En la discusión por el aborto libre el embrión, el feto o la persona – como quiera usted llamarle- corre con una gran desventaja: no se ve. Hablamos de algo que está oculto, como los misterios, abrigado tras el vientre y el útero materno.
Este inconveniente ha existido siempre, pero en la sociedad digital donde todo debe exhibirse para existir, se convierte en un punto en contra que se hace cada vez más difícil de sortear.
Quizás si el feto pudiese sacarse una selfie y publicarla todos los días en las redes sociales creeríamos que existe, que vive y que independiente de su edad es un ser humano capaz incluso de sonreír. Pero como no se muestra nos damos permiso para dudar o interpretar su existencia.
El feminismo en cambio – el que levanta las banderas del aborto libre arguyendo el derecho de las mujeres a elegir- se muestra a diario y por todos lados. Está en titulares, noticieros, discursos y millones de twits y posteos en el inmenso océano de internet. Ellas y ellos se exhiben con insistencia y junto a sus imágenes exigen con ímpetu y convicción más autonomía y libertad, ganando adhesión y simpatía.
En su ensayo “La Sociedad de la Transparencia” el filósofo coreano Byung Chul Han sostiene que el culto a la transparencia y el afán de ponerlo todo a la vista del otro ha confluido en una sociedad de la exposición, hipercomunicada e hiperinformada. Una especie de vitrina abierta al mundo.
En este contexto, Han plantea que en la era actual la mera existencia es por completo insignificante. “Las cosas se revisten de un valor solamente cuando son vistas” – dice. Y como al nonato no lo vemos – pienso- pierde valor frente a una multitud que se exhibe, vociferante y marchando.
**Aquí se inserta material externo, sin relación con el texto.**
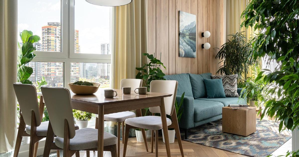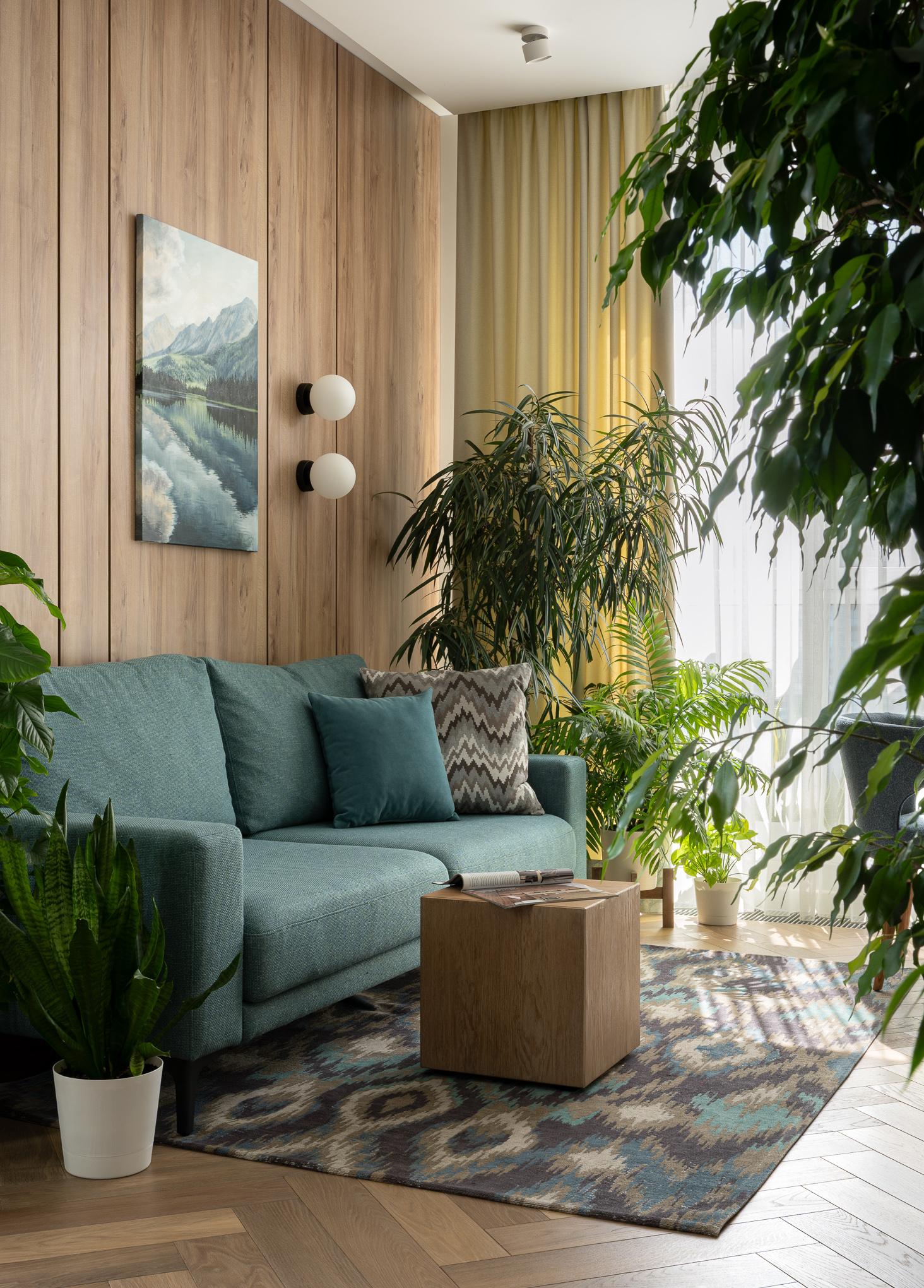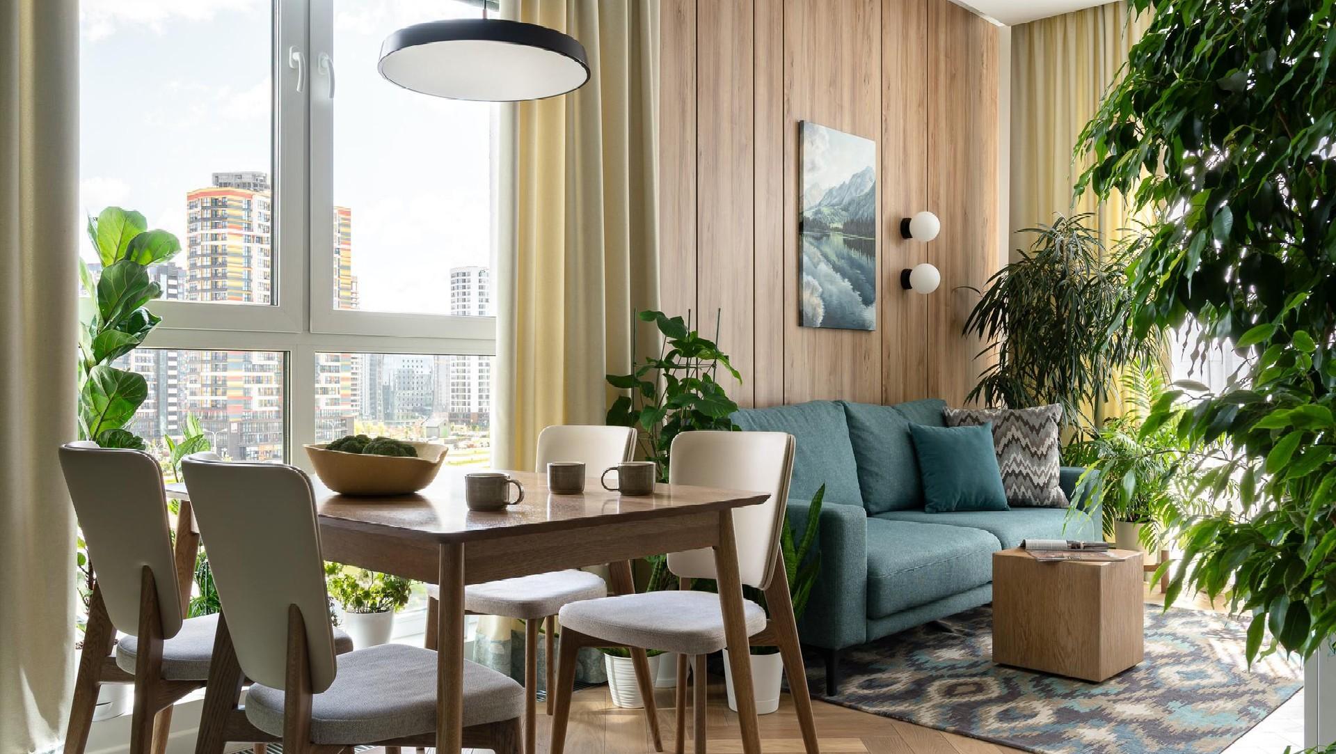 Обеденная группа у окна позволяет наслаждаться завтраком с красивым видом — своего рода «живой телевизор». Здесь очень много живых растений! С ними прекрасно сочетаются оттенки мятно-зеленого и бирюзы, теплый тон натурального дерева и песочно-бежевая гамма служит спокойным фоном, а завершают композицию акценты горчично-желтого и голубого. Я всегда рассматриваю квартиру как единый организм: переходя из комнаты в комнату, важно ощущать единую историю. Цвета и принты могут меняться, но общее настроение должно оставаться цельным.

Y mientras no vemos al otro – al feto, al pobre, al vecino, al diferente, al que fuere- corremos el riesgo de seguir engordando nuestro ego y hacer crecer una individualidad radical.
Es interesante constatar que en el fondo del debate sobre el aborto libre está también la pregunta por el otro, ese que todavía no vemos pero que, como un enigma, existe. Es cierto que la ciencia aún no concluye una definición para el comienzo de la vida humana. Quizás nunca lo hará. Pero a falta de respuestas certificadas, está la experiencia y la intuición.
Pienso en los muertos. A ellos tampoco los vemos. Sin embargo los vestimos, los lloramos, les cantamos, los despedimos, los visitamos, adornamos sus tumbas, los pensamos y recordamos. Algunos incluso los sentimos pasar muy cerca en la brisa de una noche fría o en la visita de un pájaro a nuestra ventana. La ciencia nunca podrá descifrar los secretos del más allá, pero el otro que ya no está sigue, misteriosamente, para millones existiendo.
El aborto libre actúa sobre el evidente, simple, tentador y luminoso letrero del derecho a decidir, obviando lo que no se ve pero que está, pequeño y escondido, como un niño, dibujando en su invisible presencia los hondos límites del ser humano.
Por Matías Carrasco.
Creo que más allá de lo que la ciencia pueda o no verificar, y de las certezas científicas que podamos tener con respecto al comienzo de la vida, probablemente nuestra concepción de esta tenga más que ver con la consideración que cada uno tenga de cómo se gesta la vida. Para mí es asombroso y alucinante el solo hecho de que en las múltiples interacciones de millones de espermios con un óvulo, solo sea uno y a veces unos pocos más los que a logren fusionarse con este .Existe una belleza oculta en este hecho, casi imperceptible, que lo convierte en un milagro:
«algo que se contempla con admiración, con asombro o con estupefacción».